Pengamat olahraga, Rafriandi Nasution, menilai bahwa munculnya Kolonel Purn Hatunggal Siregar sebagai calon tunggal dalam pemilihan Ketua Umum KONI Sumut mencerminkan rasa frustrasi terhadap kondisi olahraga di Sumatera Utara.
Sebelumnya, puluhan perwakilan cabang olahraga (cabor) di bawah naungan KONI Sumut memberikan dukungan kepada Ketua Umum FOPI Sumut tersebut untuk memimpin KONI. Musyawarah Provinsi (Musorprov) KONI Sumut dijadwalkan berlangsung pada 15 April mendatang.
Sebanyak 52 dari 63 cabor yang bernaung di KONI Sumut hadir dalam acara silaturahmi Ketua FOPI Sumut di Garuda Pattimura Medan, Minggu (9/3). Acara tersebut juga dihadiri oleh Ketua KONI Sumut Jon Ismadi Lubis, Kadispora Sumut Mahfullah Pratama Daulay, serta Pj Sekda Provsu.
“Munculnya calon tunggal dalam Musorprov KONI Sumut, yaitu Kolonel Hatunggal Siregar, merupakan bentuk frustrasi stakeholder olahraga Sumut terhadap pengelolaan olahraga selama ini,” ujar Rafriandi Nasution.
Menurutnya, Hatunggal Siregar dianggap sebagai solusi untuk kemajuan olahraga Sumut.
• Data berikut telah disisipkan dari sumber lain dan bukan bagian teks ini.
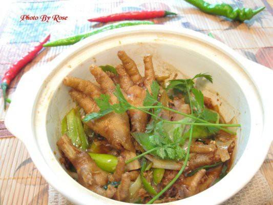 啫啫凤爪的做法 1. 瓦煲加热,锅底放油,先倒入姜茸蒜茸、红葱头、辣椒爆香,
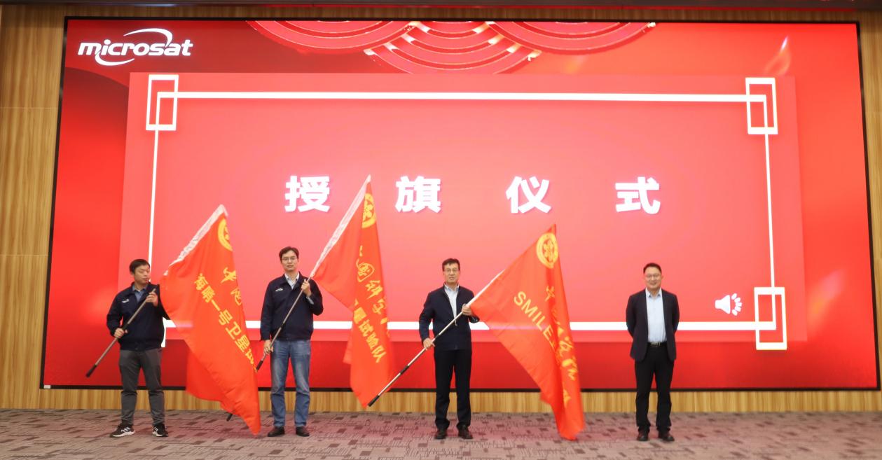 SMILE衛星系統總師李華旺、創新二十一號衛星副指揮常建平、海哨一號衛星技術負責人韓興博分別匯報了相關衛星研制進展及發射場工作安排。會議宣布了SMILE、創新二十一號衛星、海哨一號衛星責任專家任命,并授予三支衛星型號試驗隊隊旗、臨時黨支部旗幟。試驗隊隊員代表侍行劍、唐濤、錢玉琪相繼發言,表態將精誠團結,緊密協同,以高度的責任心履行好崗位職責。
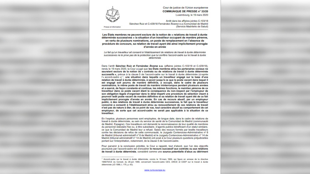 El Tribunal de Justicia de la Unión Europea ha dado la razón a varios empleados del Servicio Madrileño de Salud (SERMAS) determinando que la falta de convocatoria de procesos selectivos no justifica la perpetuación de puestos interinos, amparando su situación en Acuerdo Marco sobre el Trabajo de Duración Determinada.

Namun, ia menyoroti bahwa permasalahan utama justru terletak pada pendanaan. Pemprov Sumut dan DPRD Sumut dinilai tidak menjadikan olahraga sebagai prioritas dalam visi, misi, serta program gubernur selama ini.
Rafriandi juga mencontohkan ketidakseriusan pengelolaan olahraga di Sumut, salah satunya terkait keterlambatan pemberian bonus bagi atlet peraih medali di PON 2024.
“Terbukti, misalnya, pemberian bonus kepada atlet PON 2024 yang sangat terlambat. Keringat mereka sudah kering menunggu, tetapi hingga kini belum ada kepastian,” ungkapnya.
Selain itu, ia menyoroti pembangunan sport center yang jauh dari harapan, termasuk revisi kapasitas Stadion Utama Sumut yang awalnya dirancang untuk 82.000 penonton, tetapi kemudian dipangkas menjadi hanya 25.000 penonton.
“Belum lagi anggaran yang terus berkurang. Ini sudah menjadi tradisi dalam pengelolaan olahraga di Sumut,” tambah Rafriandi.
Ia menegaskan bahwa berbagai permasalahan tersebut menghambat kemajuan olahraga Sumatera Utara dalam bersaing dengan provinsi lain.
“Pengelolaan olahraga di Sumut sulit menjadi daya tarik bagi dunia usaha atau bisnis. Masalah prestasi dan kurangnya kemauan politik dari pemerintah membuat olahraga tidak menjadi prioritas dalam pembangunan Sumut,” pungkasnya.